While many countries have superficially committed to the goal of gender equality with a lot of noisy chatter about women on boards and women’s participation in politics, it appears that the glass ceiling is hardening for female judicial applicants in Canada and Australia, at least in the Superior Courts.
In its latest round of judicial appointments in December 2014, Canada’s Conservative government appointed just eight out of 33 – or 24 percent – of vacant federal judiciary positions to female applicants. Counting the latest appointees, roughly 34 percent of all judges serving on Canada’s superior and appellate courts, as well as the Federal Court, Federal Court of Appeal and Tax Court of Canada, are female.
While the judicial appointments procedure in Canada involves a number of individuals, it remains largely a political process. Committees in each province and territory representing the bench, the bar, law enforcement and the general public interview prospective candidates for vacant positions. The final say on federal appointments, though, is vested with the Cabinet, who act on the advice of the federal Minister of Justice, or in the case of appointing Chief Justices, the Prime Minister of Canada.
Critics of the Canada’s current federal government allege that it has been at best indifferent, and at worst purposefully stagnant, in its pursuit of gender parity on the bench. It is difficult to validate these complaints, though, since the appointments process for judges is secretive.
Canada’s Office of the Commissioner for Federal Judicial Affairs Canada is responsible for the administration of the federal judicial appointments process. While applicants must indicate their gender when applying, these statistics are not made public.
However, a recent report validates the idea that Canada has regressed on achieving gender parity on the bench. In March 2013, Canada’s chief actuary estimated that gender parity would be achieved by 2035, 8 years later than forecasted in a previous report from March 2010.
The situation in federal courts and tribunals in Australia is no more encouraging. While the High Court of Australia has, until recently, proudly boasted gender parity in its composition (with three women justices out of seven) this number was reduced to two women out of seven with the recent retirement of Justice Susan Crennan and Justice Geoffrey Nettle announced as her replacement.
This reduction in numbers of women on the High Court of Australia is particularly concerning when viewed in light of the wider federal landscape. Despite women currently comprising 46 per cent of the practicing legal profession (counting both barristers and solicitors) at present, only 11 women out of the 46 members of the Federal Court of Australia are women (soon to be 11 out of 47 (23 percent) when Justice James Edelman commences his appointment on 20 April 2015). Since coming to the office in late 2013, the current Commonwealth Attorney-General, Senator George Brandis, has had 17 opportunities to make appointments to federal courts and tribunals. On only two occasions has he found a woman to be the ‘best person for the job’.

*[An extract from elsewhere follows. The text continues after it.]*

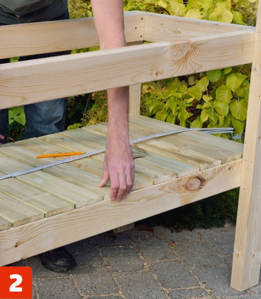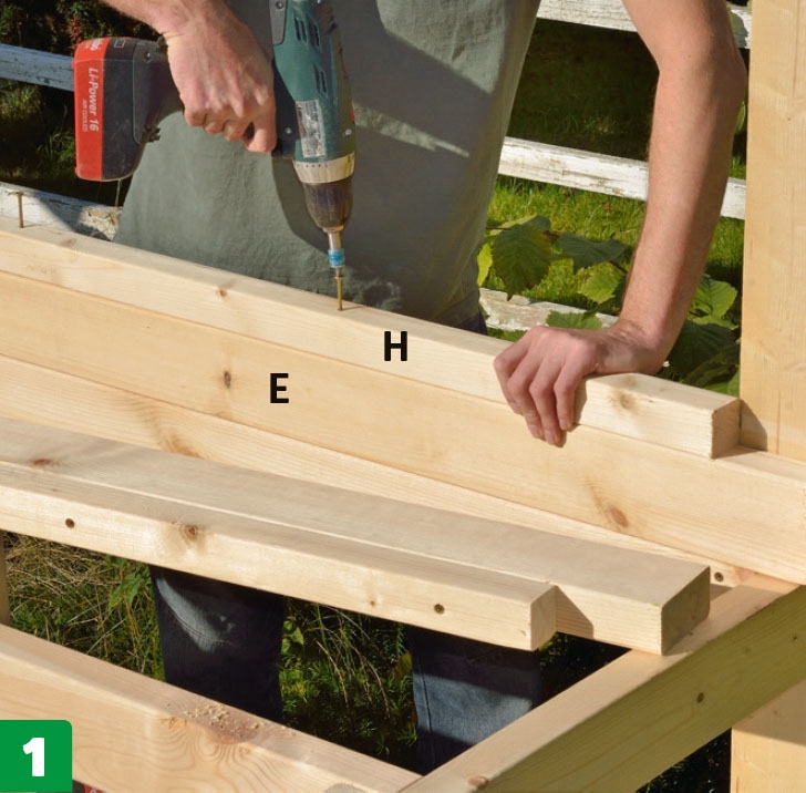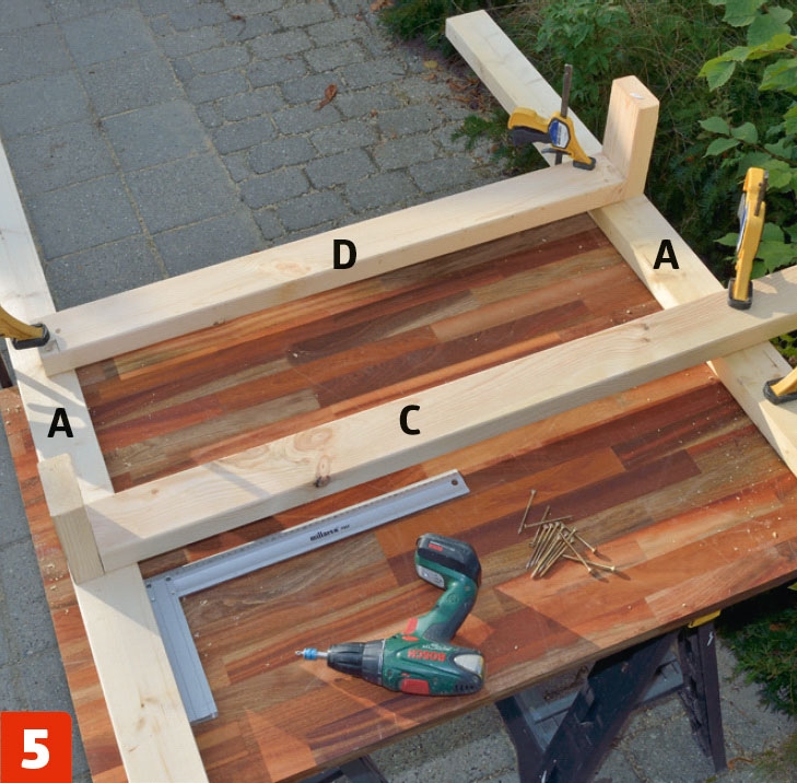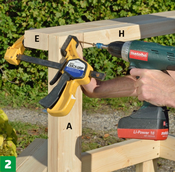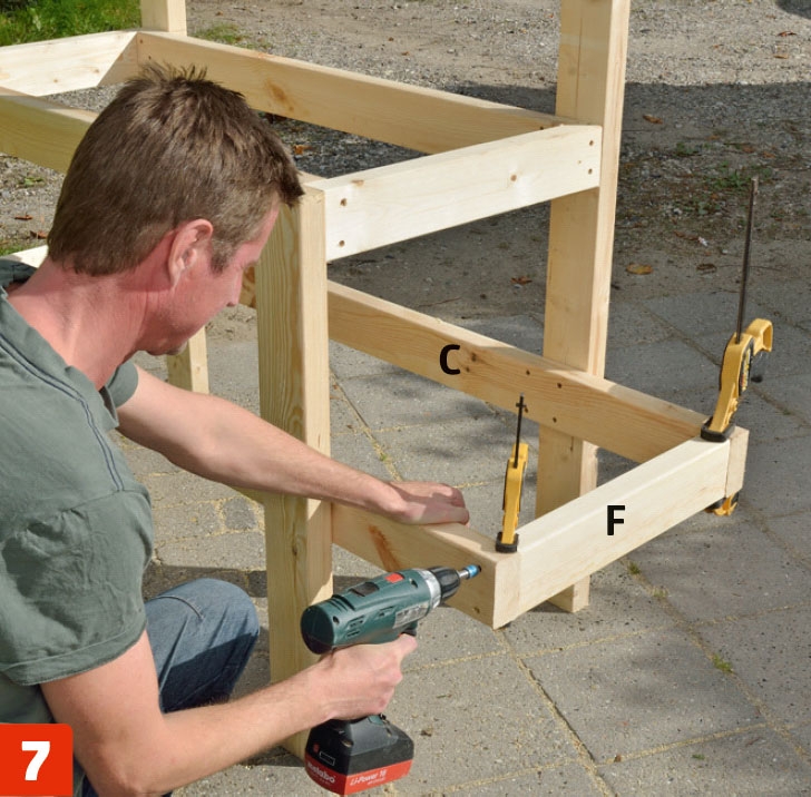Legg ut delene til baksiden, og sett dem sammen på samme måte med 5 x 80 mm skruer og støtteklosser, slik at det også her blir plass til tverrstivere (G).

This also comes as Senator Brandis has decided to move away from the more structured process for federal appointments, established by the previous Labour government 2008, that included articulating publically available appointment criteria; advertising vacancies and calling for nominations; and establishing an Advisory Panel to make recommendation to the Attorney-General. Rather, he has reverted to the old process of ‘secret sounding’ with, as Professor Andrew Lynch describes, the ‘revival of smog-like opacity around federal judicial appointment processes.’
A recent independent report prepared by Karon Monaghan QC and Sir Geoffrey Bindman QC for the British Labour Party highlights that the pursuit of a diverse judiciary, including a gender diverse judiciary, is important not only to protect the public face and legitimacy of the institution, but to ensure that there is equal opportunity for the many women who enter the legal profession to excel on equal footing with their male colleagues.
It is also a matter that impacts upon the quality of justice that such institutions can afford. Monaghan and Bindman were firmly of the view that:
‘if we wish to see a judiciary that collectively produces socially sensitive and well-reasoned decisions of the highest quality – a judiciary which does the job the public expects of it – then it must be a diverse judiciary. A diverse judiciary will dispense better justice.’
Regressive rates in appointing women to the federal judiciary in Canada and Australia severely compromise this and must be cause for concern.